**EXERCISE DIRECTIONS**
From the line that contains "Pistolet à silex" down to the final line of the listing below, set down every line exactly, both ends included, and drop the pictures.

**SOURCE DATA**
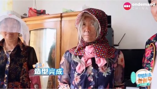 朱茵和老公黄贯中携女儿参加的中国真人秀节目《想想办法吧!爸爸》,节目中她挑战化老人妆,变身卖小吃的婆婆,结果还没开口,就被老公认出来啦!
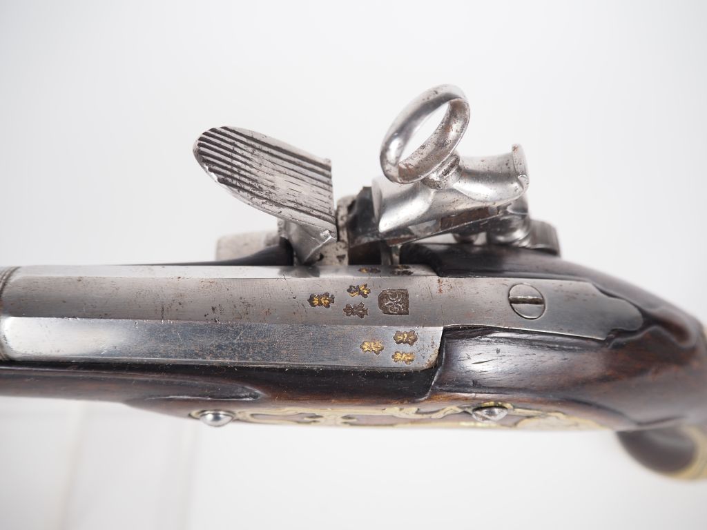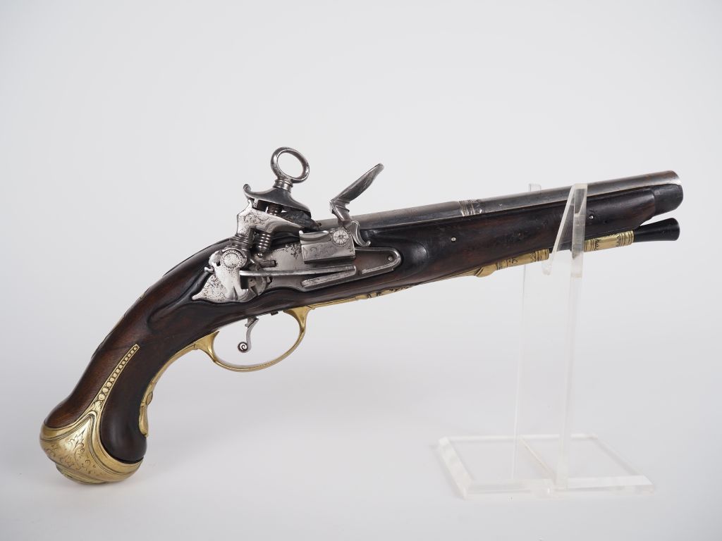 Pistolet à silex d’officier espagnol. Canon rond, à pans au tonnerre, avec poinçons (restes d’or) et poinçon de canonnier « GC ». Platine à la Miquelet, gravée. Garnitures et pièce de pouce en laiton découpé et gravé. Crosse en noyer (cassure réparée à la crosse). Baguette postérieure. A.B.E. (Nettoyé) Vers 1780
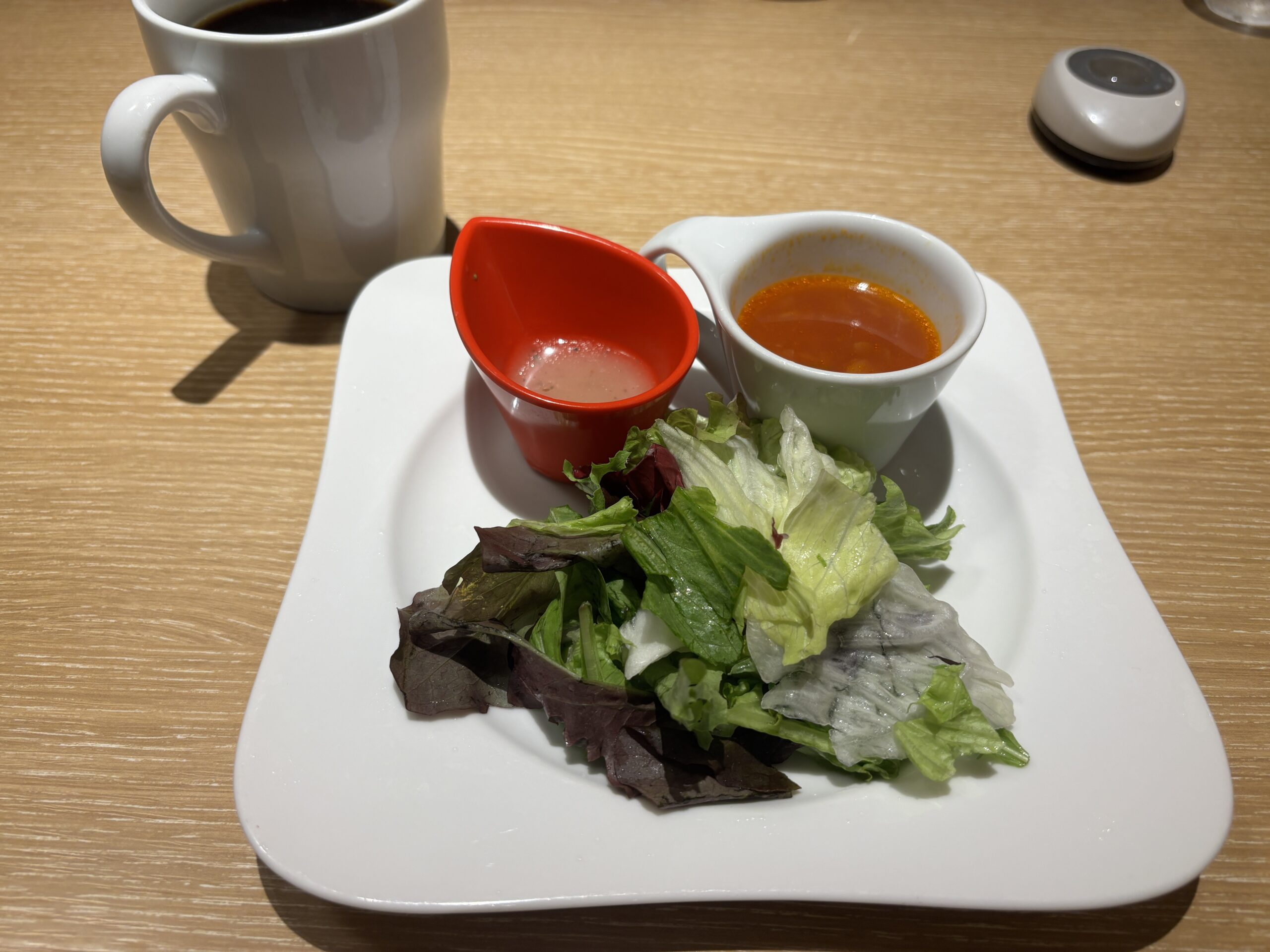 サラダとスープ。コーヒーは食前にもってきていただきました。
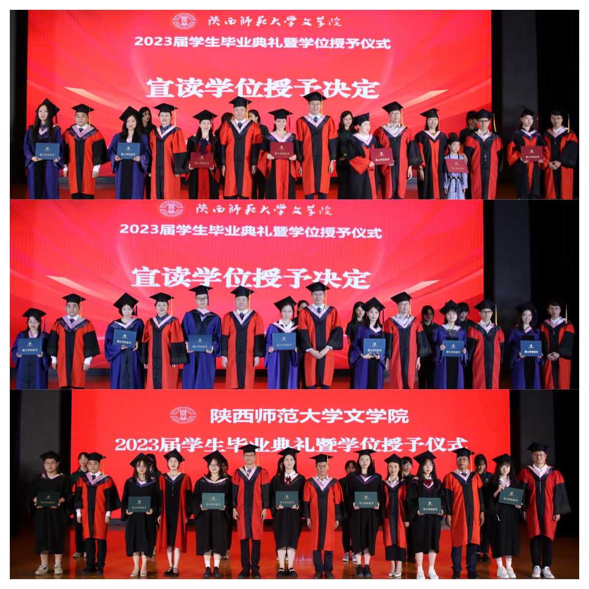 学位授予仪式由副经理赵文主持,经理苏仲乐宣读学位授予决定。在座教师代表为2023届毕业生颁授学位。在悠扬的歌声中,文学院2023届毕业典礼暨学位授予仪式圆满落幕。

**ANSWER TO THIS TASK**
 Pistolet à silex d’officier espagnol. Canon rond, à pans au tonnerre, avec poinçons (restes d’or) et poinçon de canonnier « GC ». Platine à la Miquelet, gravée. Garnitures et pièce de pouce en laiton découpé et gravé. Crosse en noyer (cassure réparée à la crosse). Baguette postérieure. A.B.E. (Nettoyé) Vers 1780
 サラダとスープ。コーヒーは食前にもってきていただきました。
 学位授予仪式由副经理赵文主持,经理苏仲乐宣读学位授予决定。在座教师代表为2023届毕业生颁授学位。在悠扬的歌声中,文学院2023届毕业典礼暨学位授予仪式圆满落幕。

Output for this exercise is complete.